*** SUPPLIED ENTRIES ***

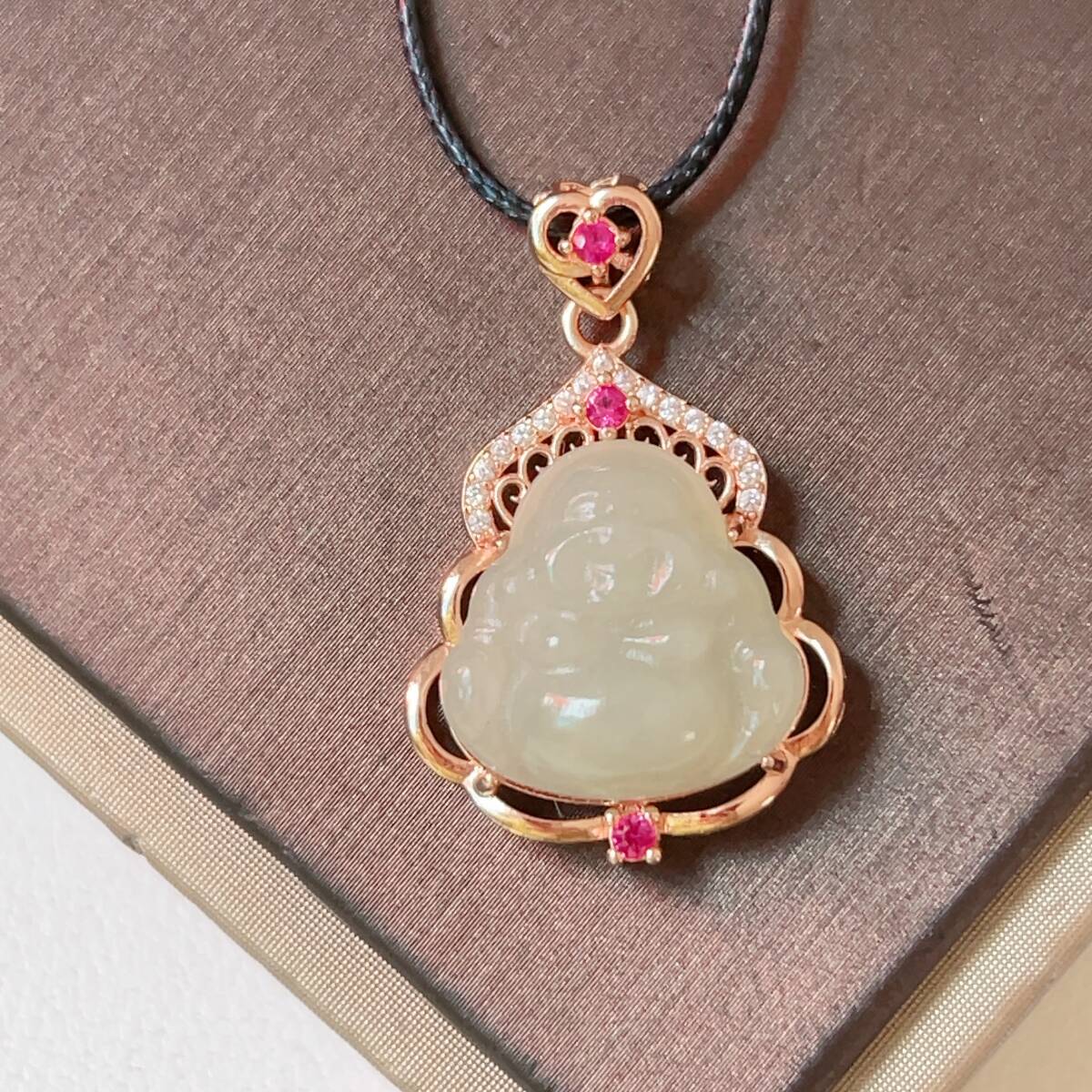 - ◇和田玉◇ヒスイ◇ネックレス◇ペンダント◇弥勒形 彫刻◇お守り◇天然石◇パワーストーン◇巾着袋付き◇プレゼントにも035P1313
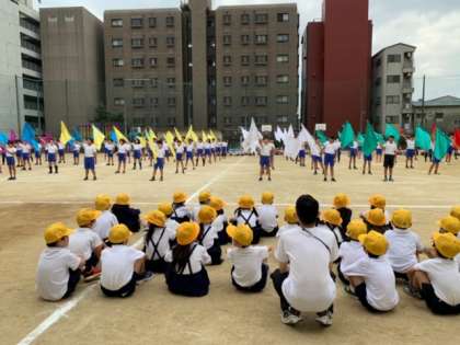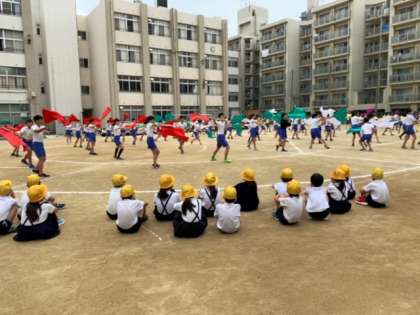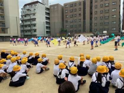 運動会で見せることができなかった6年生の団体演技「虹旗の舞」を1年生と3年生にお披露目しました。
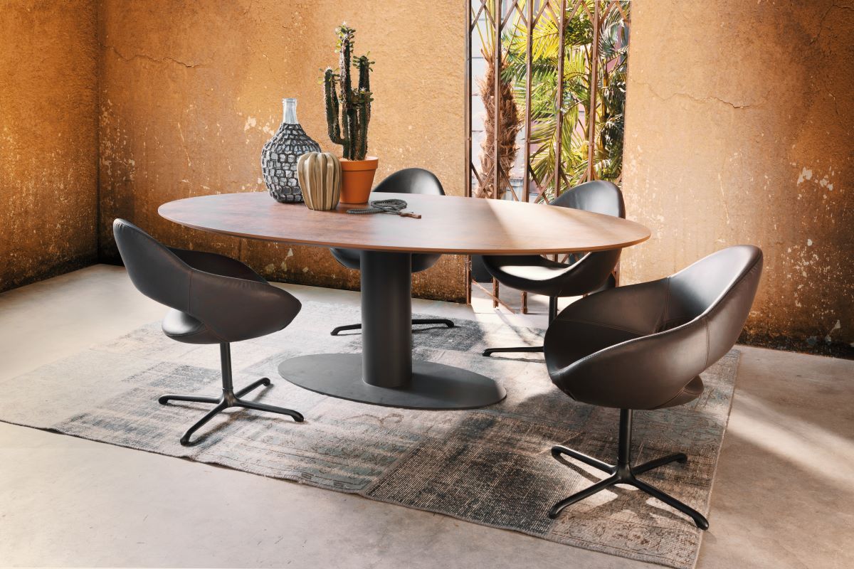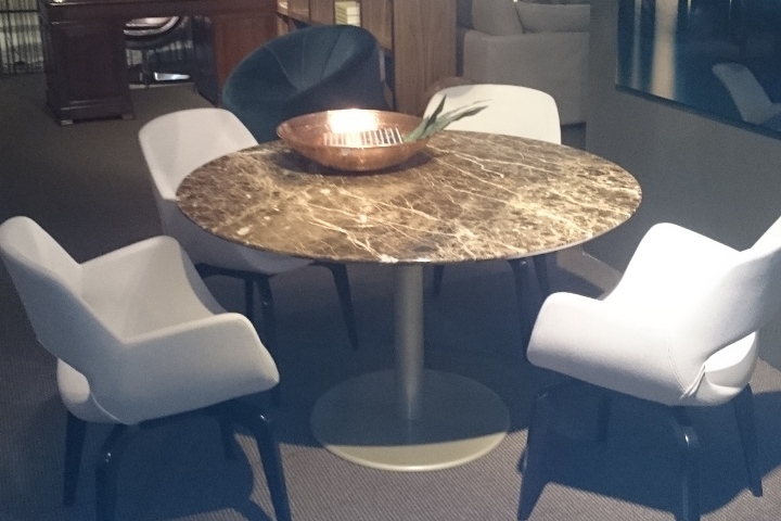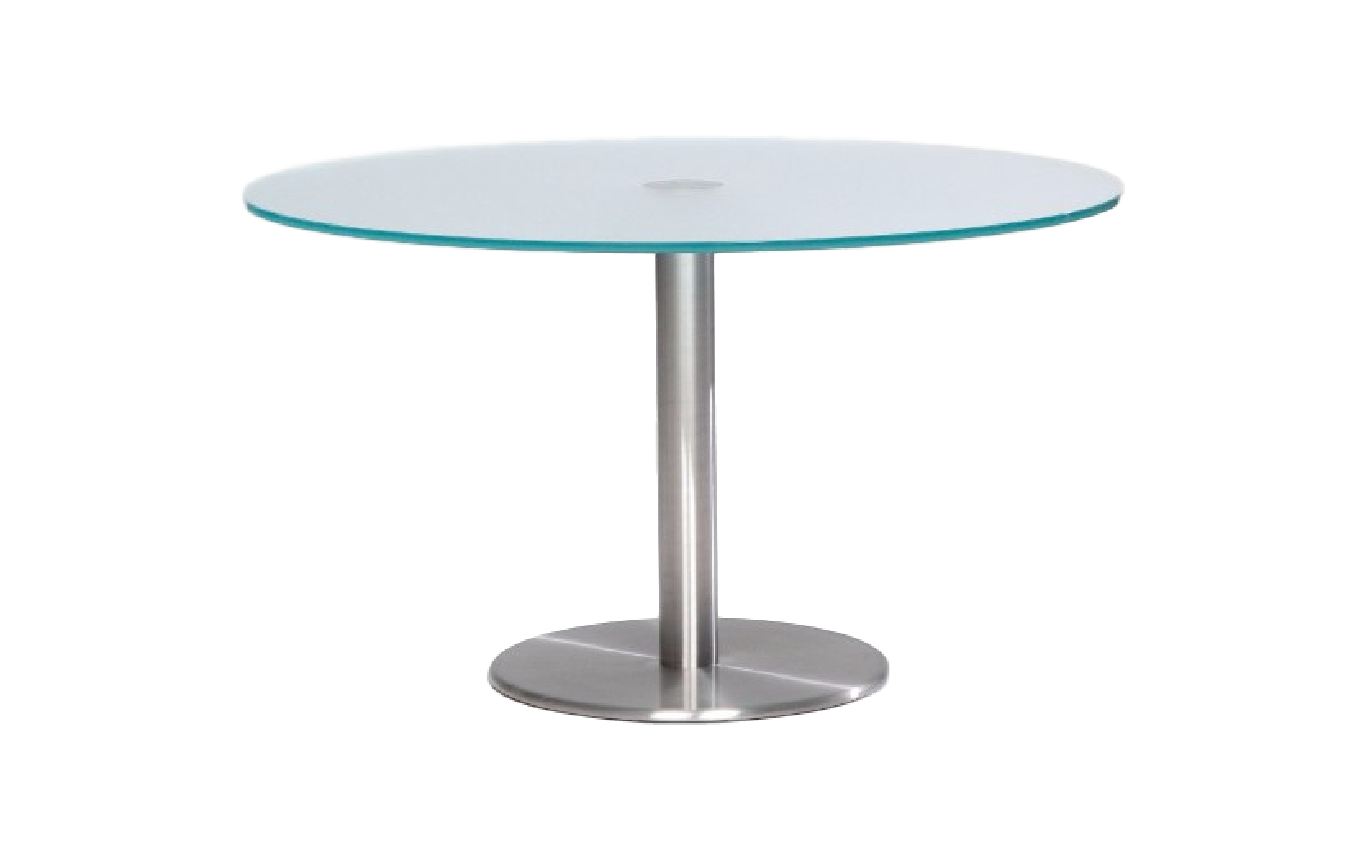 MaterialenGlas, HPL, massief hout, quartzsteen, compo, gebrand graniet of keramiek*Frame RVS, chroom of gelakt* keramiek max. Ø 100 of Ø 120 cm, afhankelijk van kleur
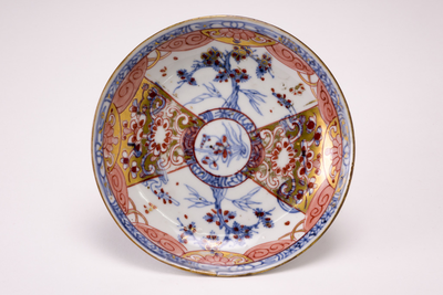 Amsterdams bont schotel met op het plat twee witte vlakken met een blauwe boom en twee goudkleurige vlakken met bloemen, Van Diepencollectie, JMD-P-2502 |
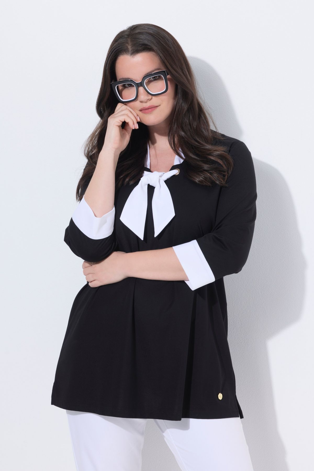 Блуза с връзка на V - образното деколте и 3/4 ръкави с контрастни акценти. ОТ мека като копринена материя.

*** End of SUPPLIED ENTRIES ***

# YOUR TASK
Every line between the start of the listing and the line containing "MaterialenGlas, HPL, massief", both ends counted, needs to be printed exactly, minus the pictures.

# RESULT BELOW
 - ◇和田玉◇ヒスイ◇ネックレス◇ペンダント◇弥勒形 彫刻◇お守り◇天然石◇パワーストーン◇巾着袋付き◇プレゼントにも035P1313
 運動会で見せることができなかった6年生の団体演技「虹旗の舞」を1年生と3年生にお披露目しました。
 MaterialenGlas, HPL, massief hout, quartzsteen, compo, gebrand graniet of keramiek*Frame RVS, chroom of gelakt* keramiek max. Ø 100 of Ø 120 cm, afhankelijk van kleur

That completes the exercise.